Я было повернулся, чтобы позвать матушку, зная, что она всегда примет мою сторону, но тут Анни схватила меня за руку, а маленькая Рут загородила двери.
— Сядь, Джон,— велела Анни,— сядь и успокойся. Мы расскажем тебе обо всем, хотя и сомневаюсь, что-то, что мы задумали и сделали, придется тебе по вкусу.
Я сел, взял себя в руки, и вот что рассказали мне девушки. Во-первых, таинственные экспедиции дядюшки Бена возбудили в молодых леди такое любопытство, что терпеть собственное неведение относительно планов и намерений дядюшки стало свыше их сил. Во-вторых, им удалось выяснить, что и Рут знает об этом ровно столько, сколько они сами, но, как и они, хотела бы знать намного больше. Справедливо рассудив, что ум хорошо, а три лучше, девушки сели в круг и быстро разработали операцию, предназначив мне роль главного исполнителя. Когда я отказался шпионить в их пользу, они тут же нашли мне замену в лице мастера Джона Фрая, посулив ему за услуги немного денег. Как раз в то самое утро, когда он не почтил своим присутствием наше ячменное поле, девушки дали ему пони и послали следом за дядюшкой Беном и Долли.
Следуя за дядюшкой на приличном расстоянии, Джон Фрай не терял его из виду до тех пор, пока дядюшка не доехал до Топи Колдуна, где Джон внезапно потерял дядюшку из виду. Спрятавшись за дерево, Джон затаился и засаде. Прошло некоторое время, и вдруг в основании дерева, что росло неподалеку, показалась белая шляпа с высокой тульей, а под ней чья-то физиономия, затем шея, плечи... В Эксмуре есть поверье, что казненные преступники собираются как раз в таких вот зловещих местах, как Топь Колдуна, чтобы воскреснуть из мертвых. Джону Фраю показалось, что выглянувший из-под земли, как из преисподней, ну прямо ни дать ни взять вылитый разбойник, которого повесили на прошлой неделе, а когда Джон вспомнил, что случилось это ровнехонько девять дней назад, он, не помня себя, бросился в седло и погнал пони что есть мочи прочь от этого проклятого места.
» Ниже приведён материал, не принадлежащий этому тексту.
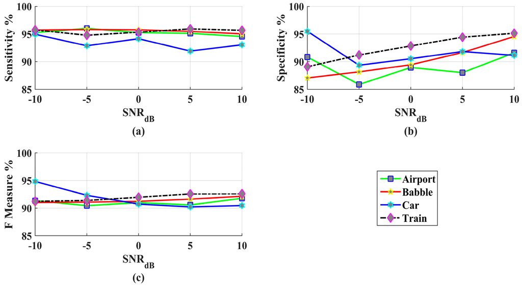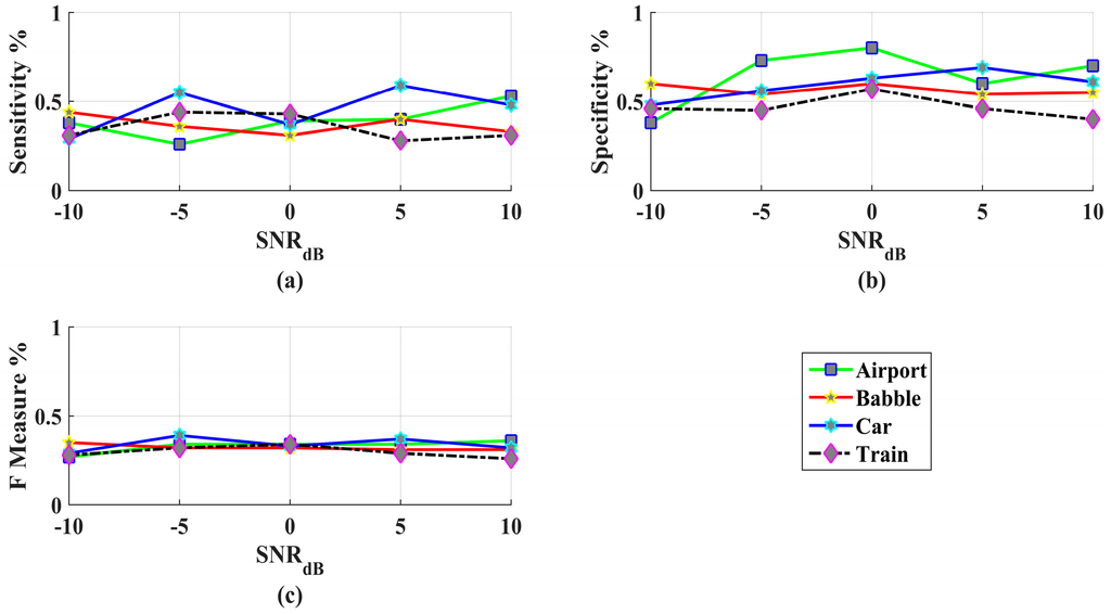 Average of (a) sensitivity (b) specificity and (c) F-Measure for the proposed FuzyyEn based VAD for the various noises such as airport, babble, car, and train.

Когда Джон Фрай закончил душераздирающее повествование, молодые леди посетовали на то, что он не остался в укрытии подольше, потому что тогда бы он смог рассказать им побольше, а я напустил на себя весьма суровый вид и сказал:
— По-моему, Джон, ты все это выдумал, по меньшой мере, наполовину.
— Да, мастер Джон,— согласился Джон Фрай,— я, случается, привираю — кто из нас без греха? — но нынче я выложил только то, что видел собственными глазами. Господь свидетель, на боковую я пойду с чистой совестью.
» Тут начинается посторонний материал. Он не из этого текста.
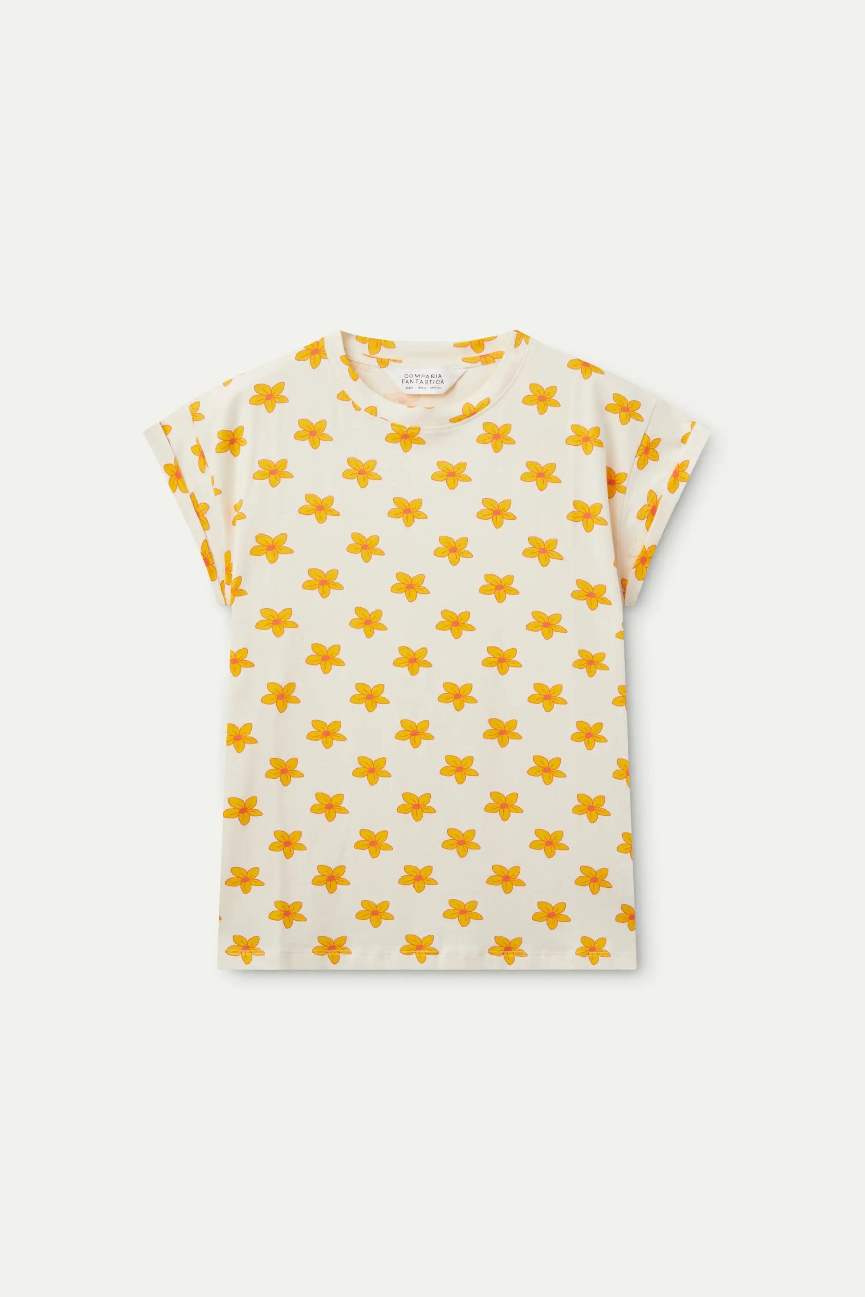 Camiseta en tejido circular de color crudo con estampado floral amarillo. Con cuello redondo y manga corta con vuelta.

- Извини, Джон,— примирительно сказал я,— я верю, что ты говоришь правду, но только, пожалуйста, об этом — никому ни словечка.
Глава 21
Неожиданная помощь
После предупреждения судьи Джеффриза и намеков Джереми Стикльза, а также из-за слухов и домыслов, будораживших наши края по базарным дням, история, рассказанная в тот вечер Джоном Фраем, и моя уверенность в том, что на этот раз он ничего не выдумал, встревожили меня необыкновенно. Мои родные, а также наши соседи, все мы доподлинно знали о том, что в Тонтоне, Бриджуотере и даже в Далвертоне весьма недовольны королем и высказывают сожаление о тех днях, когда в стране правили пуритане [37], но в ту минуту, когда я, представ пред грозные очи судьи Джеффриза, заявил, что в нашем Орском приходе ничего подобного не происходит, я был убежден, что сказал правду, чистую правду, ничего, кроме правды.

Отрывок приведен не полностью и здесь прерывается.